Dexamethasone influences FGF-induced responses in lens epithelial explants and promotes the posterior capsule coverage that is a feature of glucocorticoid-induced cataract

- Aberrant lens cell behaviour is the basis for development of glucocorticoid (GC)-induced cataract.
- Rat lens epithelial explants were used to assess the effects of dexamethasone (DEX) on FGF2-induced lens cell behaviour.
- The results show DEX promotes cell proliferation and cell coverage but inhibits cell elongation in the presence of FGF2.
- The results provide insights into the molecular mechanism underlying GC-induced cataract.

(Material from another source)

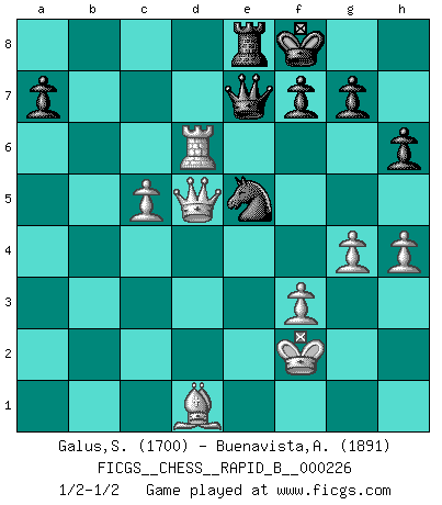 Last move : 1/2-1/2 2015 June 5 11:20:8 [Event "FICGS__CHESS__RAPID_B__000226"] [Site "FICGS"] [Date "2015.03.23"] [Round "1"] [White "Galus,Stanislaw"] [Black "Buenavista,Anthony"] [Result "1/2-1/2"] [WhiteElo "1700"] [BlackElo "1891"] 1.Nf3 d5 2.g3 c5 3.Bg2 Nf6 4.O-O Nc6 5.d4 cxd4 6.Nxd4 e5 7.Nxc6 bxc6 8.c4 Be6 9.Qa4 Qd7 10.Nc3 Rc8 11.Rd1 d4 12.e3 Bg4 13.f3 Be6 14.b3 Be7 15.Qa5 Qb7 16.Na4 Nd7 17.Qe1 Nb6 18.Nb2 O-O 19.Nd3 Nd7 20.exd4 exd4 21.Bb2 Bf6 22.Nf4 Bxc4 23.Bxd4 Bb5 24.a4 Bxd4+ 25.Rxd4 c5 26.Rd6 Rce8 27.Qc3 Bc6 28.Kf2 Re7 29.Re1 Rxe1 30.Qxe1 c4 31.bxc4 Bxa4 32.Bf1 Qc7 33.Qd2 Bc6 34.Qd4 Re8 35.Be2 Ne5 36.c5 Kf8 37.h4 h6 38.Nd5 Qc8 39.g4 Qb7 40.Bd1 Bxd5 41.Qxd5 Qe7 1/2-1/2 Reti : King's Indian attack Kingside Castling by player White (move 4) Kingside Castling by player Black (move 18) This chess game ended in a draw. Follow this game move after move (download)The battle for the ultimate truth will never be won. And that's why Chess is so fascinating. (Hans Kmoch) Ich spiele 70 Eröffnungssysteme. (Viktor Kortschnoi) Aún deseo matar a Fischer. (Boris Spassky) Il vaut toujours mieux jouer un plan faux de façon logique que de n'avoir pas de plan du tout. (Victor Kortchnoï) Macintosh - we might not get everything right, but at least we knew the century was going to end. (Douglas Adams)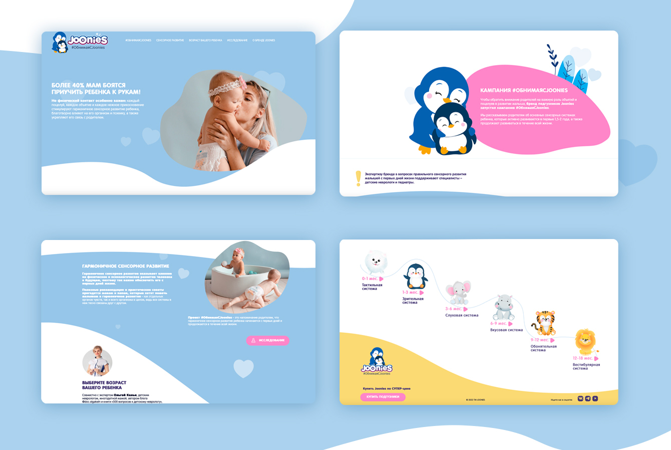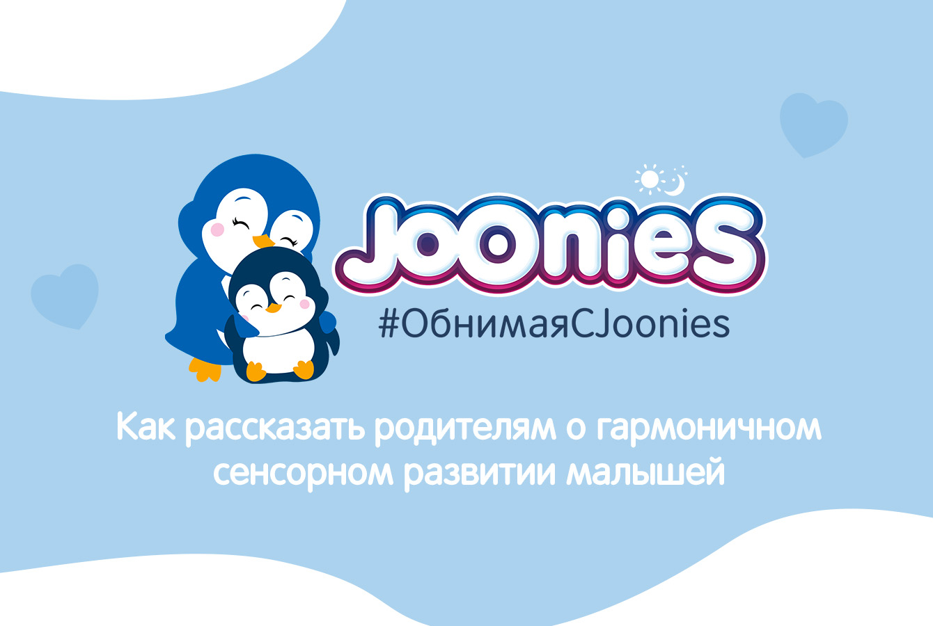 Наш клиент, производитель подгузников Joonies, хотел усилить своё позиционирование в качестве эксперта в области материнства и детства для того, чтобы повысить узнаваемость компании и лояльность к ней ЦА (родителей детей до трёх лет). Для достижения этой цели мы предложили бренду запустить социальную образовательную кампанию #ОбнимаяСJoonies, посвящённую гармоничному сенсорному развитию малышей — актуальной и перспективной теме, ещё «не занятой» другими брендами. Клиент одобрил нашу идею.

Aberrant spreading of lens epithelial cells along the posterior capsule is the basis for development of glucocorticoid (GC)-induced cataract; the resulting foci of nucleated cells at the posterior pole causing disruptions to normal lens cellular architecture. In this study, rat lens epithelial explants were used to assess the effects of dexamethasone (DEX), a widely used synthetic GC, on FGF2-induced lens cell proliferation and elongation as well as the ability of lens cells to spread and cover the posterior capsule. In the presence of FGF2, DEX significantly promoted lens cell proliferation after 48 h. Cell coverage of the posterior capsule was also enhanced during 5 days culture. In contrast, cell elongation was retarded by the inclusion of DEX. In the absence of FGF2, DEX had no marked effects on any of these cellular processes. Thus, in the presence of FGF2, DEX promoted cell proliferation and posterior capsule coverage but inhibited cell elongation. These results provide insights into the molecular mechanism underlying GC-induced cataract in humans.